The folks who leave eggs to warm on the counter before baking: probably not a huge problem because cooking will kill most bad things that might have contaminated the eggs while they were warming up. However, try getting eggs directly from the source, if you can, the next time you have a recipe that relies on fluffiness. In all likelihood, you’ll get better results.
LSLguy are you sure it was the eggs? How did you cook them?
I rely on Pullet’s advice – and that’s no yolk!
Sorry.
Oh, you just chickened out there!
Well, you have to turn eggs if you’re incubating them (in the wild, the brooding bird does this periodically) - of course that’s not to keep them fresh exactly, but it could be a related phenomenon.
Similar idea. If the eggs aren’t turned, the embryo can stick to the inside. Plus, the stimulation gets the embryo moving so the muscles and nerves develop like they’re supposed to.
Interestingly, embryonating reptile eggs should not be turned, or else the process will be ruined. Not exactly sure why that is.
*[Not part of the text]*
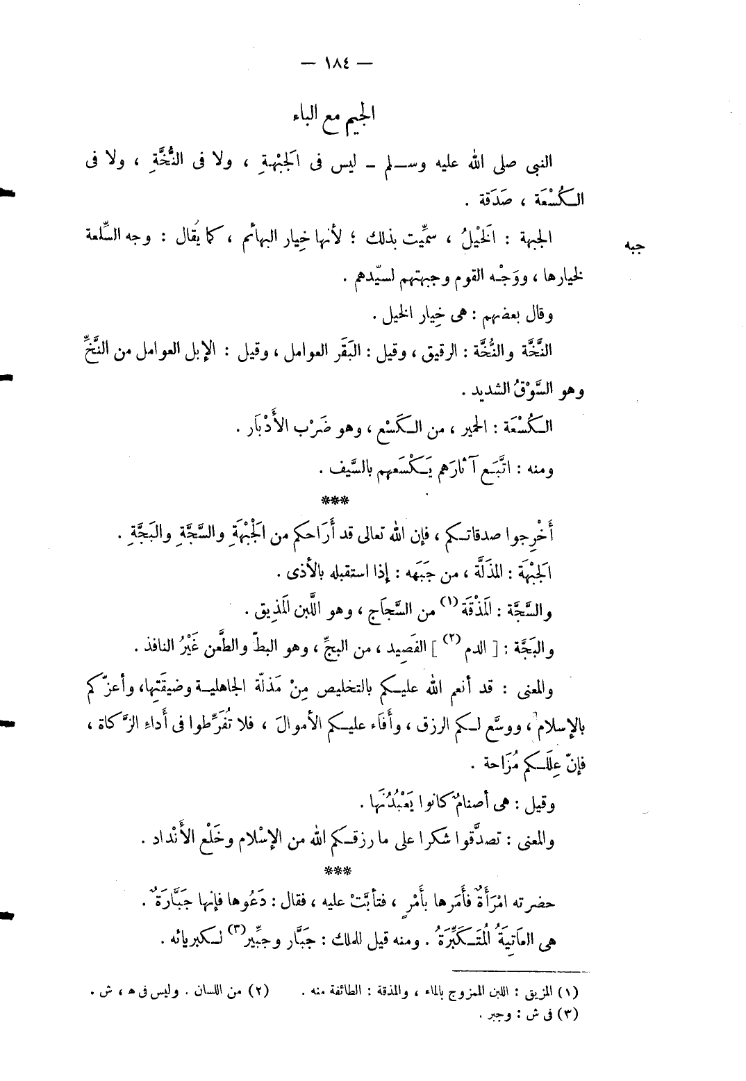 جبه الْجَبْهَة: الْخَيل سميت بذلك لِأَنَّهَا خِيَار الْبَهَائِم كَمَا يُقَال: وَجه السّلْعَة لخيارها وَوجه الْقَوْم وجبهتهم لسيدهم. وَقَالَ بَعضهم: هِيَ خِيَار الْخَيل. النخة والنخة: الرَّقِيق وَقيل: الْبَقر العوامل وَقيل: الْإِبِل العوامل من النخ وَهُوَ السُّوق الشَّديد. الكسعة: الْحمير من الكسع وَهُوَ ضرب الإدبار. وَمِنْه: اتبع آثَارهم يكسعهم بِالسَّيْفِ. أخرجُوا صَدقَاتكُمْ فَإِن الله تَعَالَى قد أراحكم من الْجَبْهَة والسجة والبجة الْجَبْهَة: المذلة من جبهة: إِذا استقبله بالأذى. والسجة: المذقة من السجاج وَهُوَ اللَّبن المذيق. والبجة [الدَّم] الفصيد من البج وَهُوَ البط والطعن غير النَّافِذ وَالْمعْنَى: قد أنعم الله عَلَيْكُم بالتخليص من مذلة الْجَاهِلِيَّة وضيقتها وأعزكم بلإسلام ووسع لكم الرزق وأفاء عَلَيْكُم الْأَمْوَال فَلَا تفرطوا فِي أَدَاء الزَّكَاة فَإِن عللكم مزاحة. وَقيل: هِيَ أصنام كَانُوا يعبدونها. وَالْمعْنَى: تصدقوا شكرا على مارزقكم الله من الْإِسْلَام وخلع الأنداد. حَضرته امْرَأَة فَأمرهَا بِأَمْر فتأبت عَلَيْهِ فَقَالَ: دَعُوهَا فَإِنَّهَا جبَّارة. هِيَ العاتية المتكبرة. وَمِنْه قيل للْملك: جَبَّار وَجبير لكبريائه.

Not my phyllum
Woohoo! I got an endorsement! Needs me a pride smiley.
Or save them for that neighbor you hate…
I’d always heard that too, but this article talks about a scientist trying to prove that eggs aren’t deliberately being turned by the birds. Either way, the idea behind turning fertilized eggs is to keep the embryos from sticking to the shell as they develop since that’s thought to kill them. Not so much an issue when there’s no embryo.
Of course - and that’s what I meant when I said “that’s not to keep them fresh exactly” - but there may still be some connection in terms of the processes that happen if the egg is not turned.
True enough. Though the white part is the bit that loses its gel soonest (probably since the yolk isn’t all that jelly in the first place and it has its own membrane to boot). Conceivably, the bit of white that’s being compressed by the yolk might break down faster. And turning them…
Yeah, it’s a weak idea.
Refrigerate the eggs. They’re fine for weeks and weeks.
They can be kept on the counter if they haven’t been refrigerated yet, but they’ll dry out faster.
If you need them to last longer, dip them in veggie oil.
Get really fresh eggs for dishes that rely on fluffiness.